*Listed entries*.
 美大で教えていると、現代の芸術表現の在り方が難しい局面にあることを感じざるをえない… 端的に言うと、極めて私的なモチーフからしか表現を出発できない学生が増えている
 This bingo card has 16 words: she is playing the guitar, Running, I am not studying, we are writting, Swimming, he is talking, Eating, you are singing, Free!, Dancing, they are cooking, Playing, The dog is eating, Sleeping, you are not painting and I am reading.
* * *
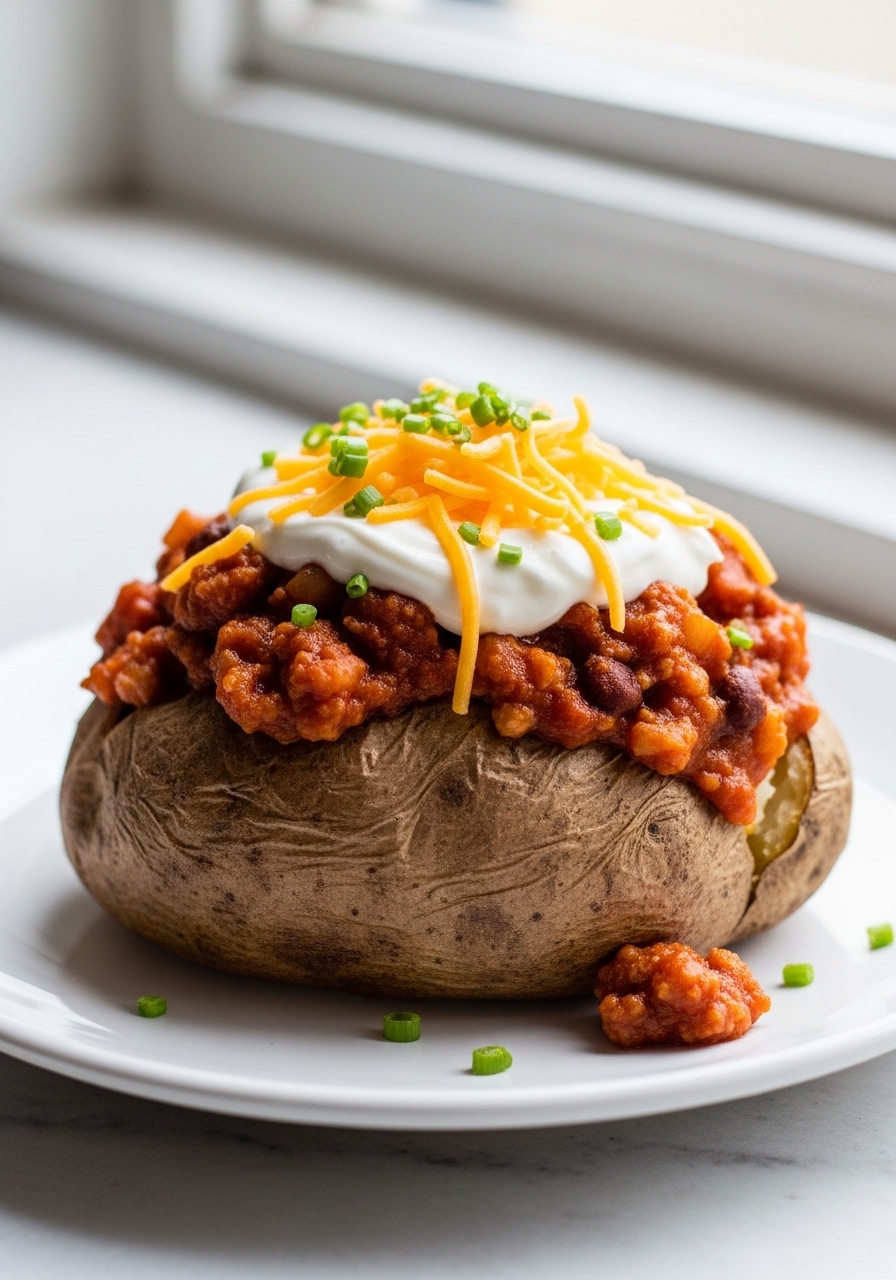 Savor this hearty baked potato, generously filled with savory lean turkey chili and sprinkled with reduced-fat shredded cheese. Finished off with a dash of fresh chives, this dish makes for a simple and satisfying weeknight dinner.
---
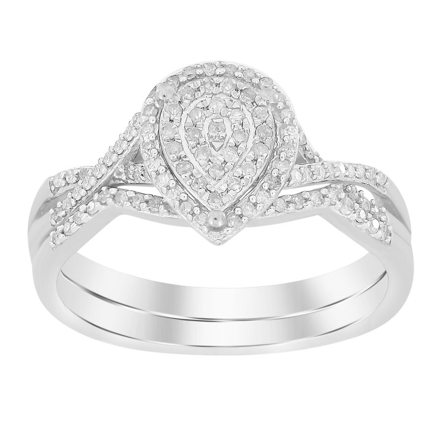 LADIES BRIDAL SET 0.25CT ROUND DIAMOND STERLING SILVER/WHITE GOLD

*Directions for this task*. Please give back exactly the lines of this listing beginning at the line with "美大で教えていると、現代の芸" and ending with the line with "This bingo card", both included, and nothing else.

*Solved exercise*.
 美大で教えていると、現代の芸術表現の在り方が難しい局面にあることを感じざるをえない… 端的に言うと、極めて私的なモチーフからしか表現を出発できない学生が増えている
 This bingo card has 16 words: she is playing the guitar, Running, I am not studying, we are writting, Swimming, he is talking, Eating, you are singing, Free!, Dancing, they are cooking, Playing, The dog is eating, Sleeping, you are not painting and I am reading.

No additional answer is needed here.